T. H. White's memoir, The Goshawk, is always on Macdonald's mind while they are training Mabel, but Macdonald also makes frequent allusions to White's King Arthur books, The Sword in the Stone and The Once and Future King. The story of King Arthur and Merlyn serves as an allegory for Macdonald and White's own stories of love, longing, loss, and loneliness.
Merlyn experiences time in reverse. This means that when he first meets young Arthur ("the Wart"), he has already experienced the rest of Arthur's life and death. Their meeting is tinged with both joy and grief because it is both a beginning (for the Wart) and an ending (for Merlyn). To Merlyn, this little boy inspires Christlike awe because Merlyn knows what a heroic king he is fated to become, even though he is nothing impressive yet.
Macdonald finds that grieving their father takes them out of forward-moving time, just like Merlyn. The moment their father is gone, they begin dwelling on him more than they ever have. They are so consumed by remembering that they struggle to plan for the future or participate in the ongoing business of daily life.

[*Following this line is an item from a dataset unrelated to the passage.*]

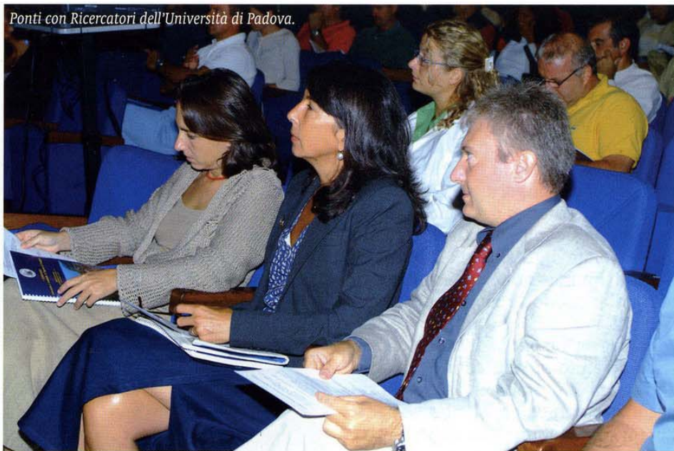
Ponti con Ricercatori dell'Università di Padova.

tratto di costa di particolare valenza, nel quale vengono effettuate circa sessantamila immersioni all'anno. Tunesi ha posto l'accento sugli aspetti economici, ricordando che la gestione di un'area marina protetta ha dei costi rilevanti, che non sempre sono completamente coperti dai contributi forniti dall'Amministrazione Pubblica. Alla risoluzione di questo problema, non solo italiano ma sentito a livello internazionale, possono concorrere anche i visitatori, prendendo esempio da Portofino, che ha istituito un contributo economico di tre euro ad immersione a fronte dell'utilizzo delle boe di ormeggio posizionate dall'ente gestore del parco. La subacquea ricreativa costituisce una componente strategica per il successo di un'area marina sog-

They begin dreaming about their father as a child. At this time in his life, the little boy who would become Macdonald's father had no idea of his own significance to the person who would become his child. Macdonald looks at him like Merlyn looks at Arthur, in awe of their "once and future" father. Remembering their father like this seems important, but they can't quite figure out what to do with the memories or how to interact with this version of him. They feel as alone as Merlyn, whose ever-growing collection of memories from the future make him increasingly strange and unintelligible to those he encounters in the past.
Macdonald is reluctant to compare themself too closely to T. H. White, a very troubled man with dubious politics and a tragically misguided approach to raising a goshawk. However, they note ways in which White also resonates with his tragic portrayal of Merlyn in these books. Internalized homophobia and a history of trauma made White feel as though his life was not moving along the same timeline as anyone else's. He struggled to escape the ghosts of his past or imagine the kind of heteronormative future his peers were embracing. With Gos, he sought to explore and control "wild" parts of himself at a safe distance from other living humans. He sought fellowship among ancient, dead falconers, and he tried to find and train his past self the way Merlyn trains Arthur. The great tragedy of White's life, Macdonald comes to see, is the way he drove himself into an isolated (and misanthropic) existence like Merlyn's instead of finding a way to be himself among company.
The allegorical connections among Merlyn, White, and Macdonald are important to Macdonald's eventual realization that, more than a hawk, they need humans. Slowly, they reenter their community and begin to turn both grief and falconry from shields against humanity into experiences they can share with other living people. When they leave Mabel at a friend's aviary for the molting season, they (like Merlyn) know that Mabel will have forgotten them by the time they next meet. Instead of clinging tighter to Mabel or convincing themself that they must grieve alone, Macdonald takes comfort among fellow falconers and friends. Loss may feel lonely, but it turns out to be one of the most universal experiences there is.